Radicals and Reformers

South East View of Sheffield 1855 by William Ibbitt. Source: Picture Sheffield.

At the turn of the eighteenth century radical and revolutionary ideas were spreading rapidly in Sheffield helped by its special set of circumstances. 

The town was administered in an informal way. It was freer  in style than many others because it was not tightly controlled by an aristocrat or town corporation. Though surrounded by the estates of the Earl Fitzwilliam, the Duke of Devonshire and the Duke of Norfolk, none of them controlled town affairs. Neither did it have a town corporation but instead there were three historic bodies, the Church Burgesses, the Cutlers’ Company and the Town Trustees, all of whose powers and resources were limited.  

Sheffield had considerable religious diversity and the strong influence of dissenters. This included highly educated and prominent citizens who before 1828 were denied access to public office and votes in elections. Dissenters resented these restrictions and leaned towards radical politics. Sheffield also had a strong temperance movement encouraging people to sign pledges to abstain from alcohol and campaigning for prohibition. Many nonconformists were also temperance campaigners.

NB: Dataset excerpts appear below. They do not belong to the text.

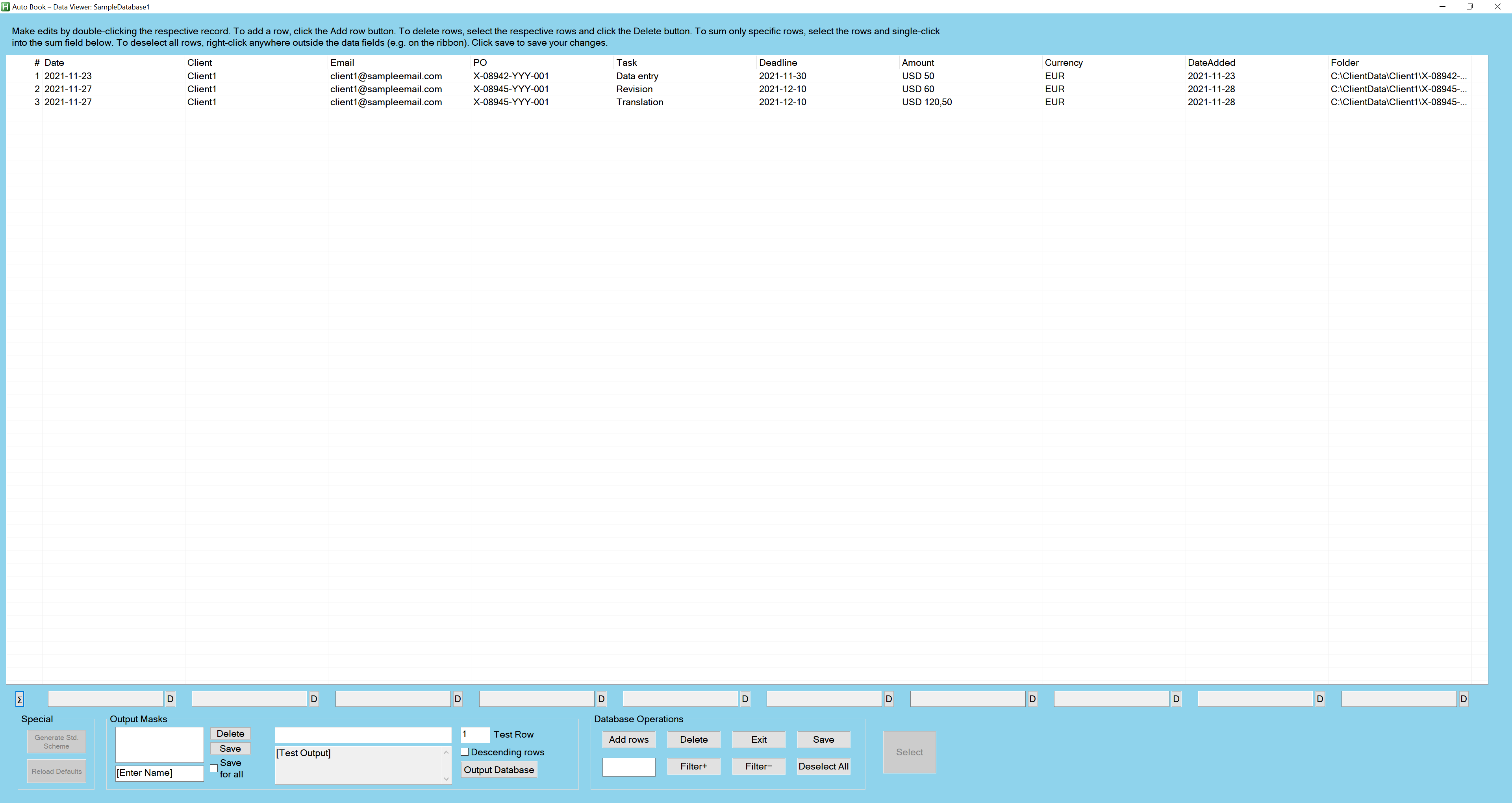 Output Masks allow you to define patterns to arrange your Database data into an arbitrary format, including only the specified columns. This way, you can format your data in a way that allows you to paste them into an invoice template or accounting cloud-system, for example.
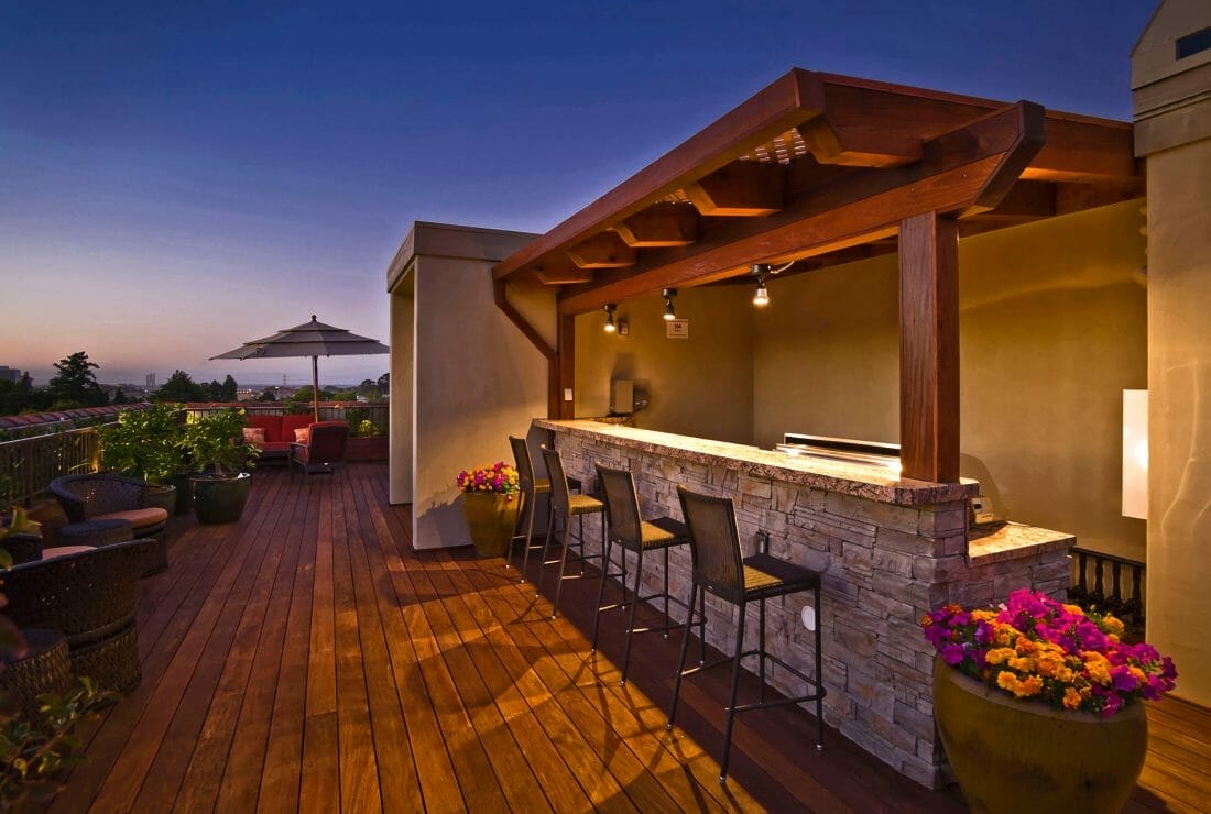 The pergola roof and patio umbrella shade the bar from the scorching sun. Because of stunning plants and flowers, the whole deck doesn’t appear lackluster.
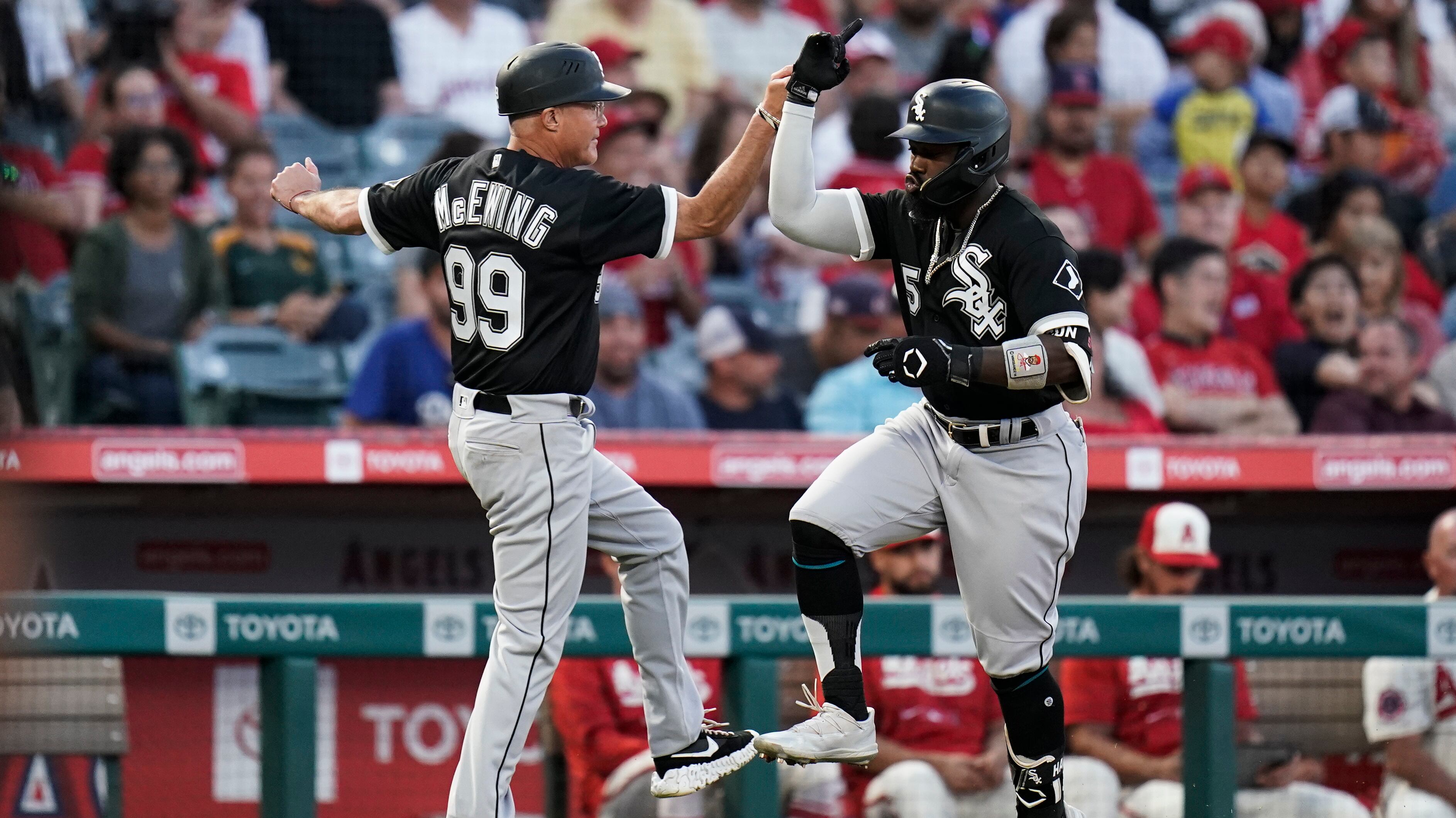 ANAHEIM, California, EE.UU. (AP) — Josh Harrison y Luis Robert sacudieron cuadrangulares en un quinto inning con cinco anotaciones de Chicago y los Medias Blancas batearon 17 hits el martes en su triunfo por 11-4 sobre los Angelinos de Los Ángeles.
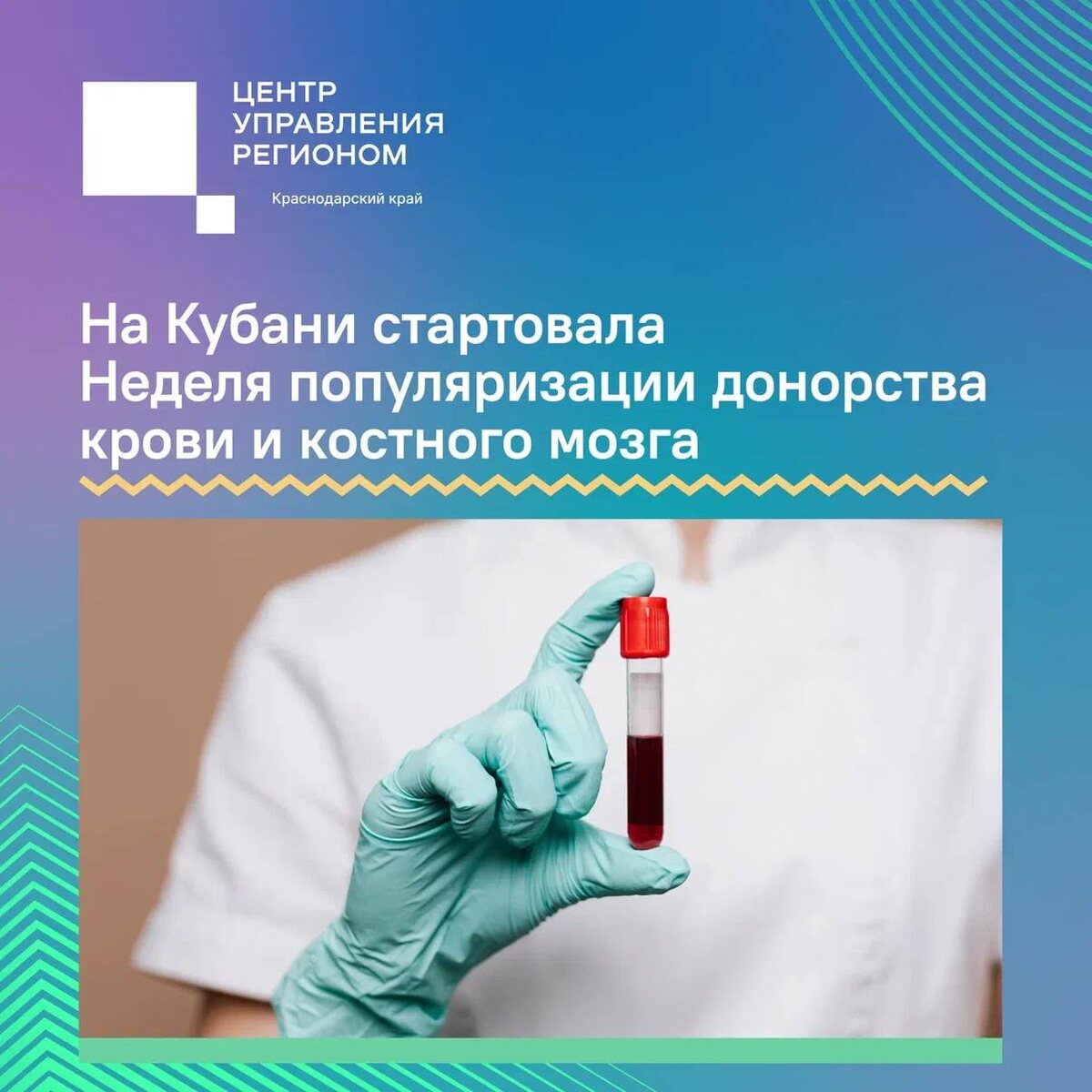 В Краснодарском крае с 13 по 19 апреля пройдёт тематическая неделя, приуроченная ко Дню донора (20 апреля
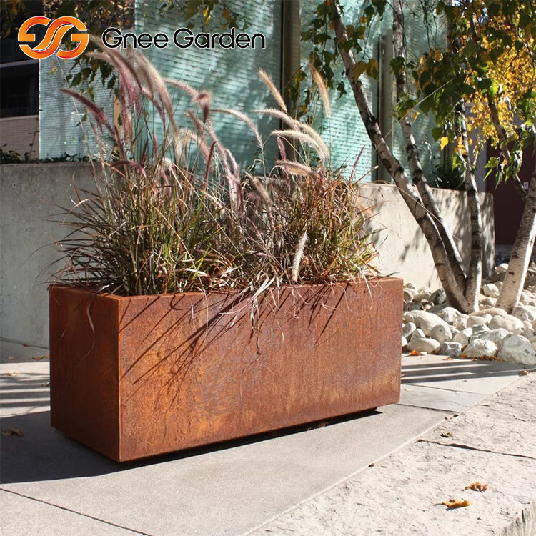 Wholesale Square Section Weathering Steel Floor-Standing Metal Flower Pot with Base Drainage Hole Planters & Pots
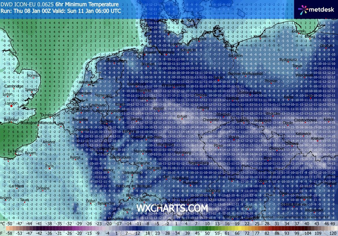 Obr. 4: Minimální teploty během nedělního rána ve střední Evropě. Zdroj: WXcharts.com
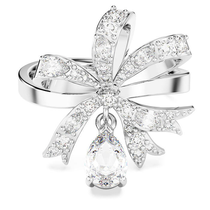 Swarovski Volta cocktail ring Bow, Small, White, Rhodium plated - 5647728
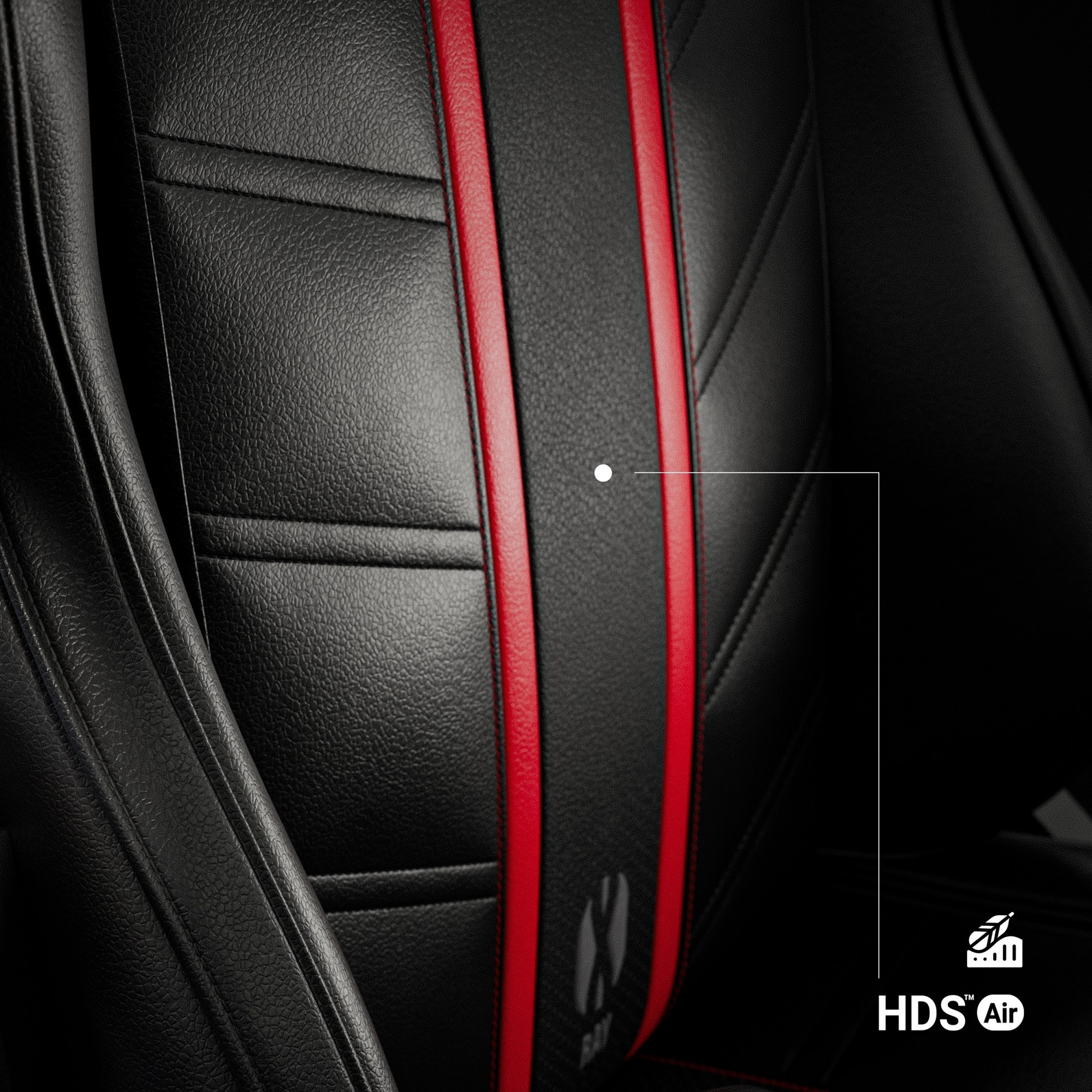 Křeslo je potaženo kombinací dvou druhů ekokůže – spolehlivé HDS™ a prodyšné HDS™ Air. Tato kombinace zajišťuje maximální pohodlí i během horkých dnů a zároveň dodává křeslu luxusní vzhled. Zesílené nitě Nylon™ LV3 a elegantní prošívání udržují čalounění v dokonalém napětí a zaručují dlouhou životnost.

At the same time Sheffield’s industrial developments led to growing tensions between the artisans and the master manufacturers. The artisans were mostly semi-independent, literate and numerate although vulnerable to adverse trading conditions, to sharp practices and to the master manufacturers who increasingly dominated their trades.

During this period Sheffield was one of the main centres for trade union organisation and agitation in the UK. In the 1860s, this culminated in the Sheffield Outrages where acts of violence took place against employers and those who had not joined the Unions.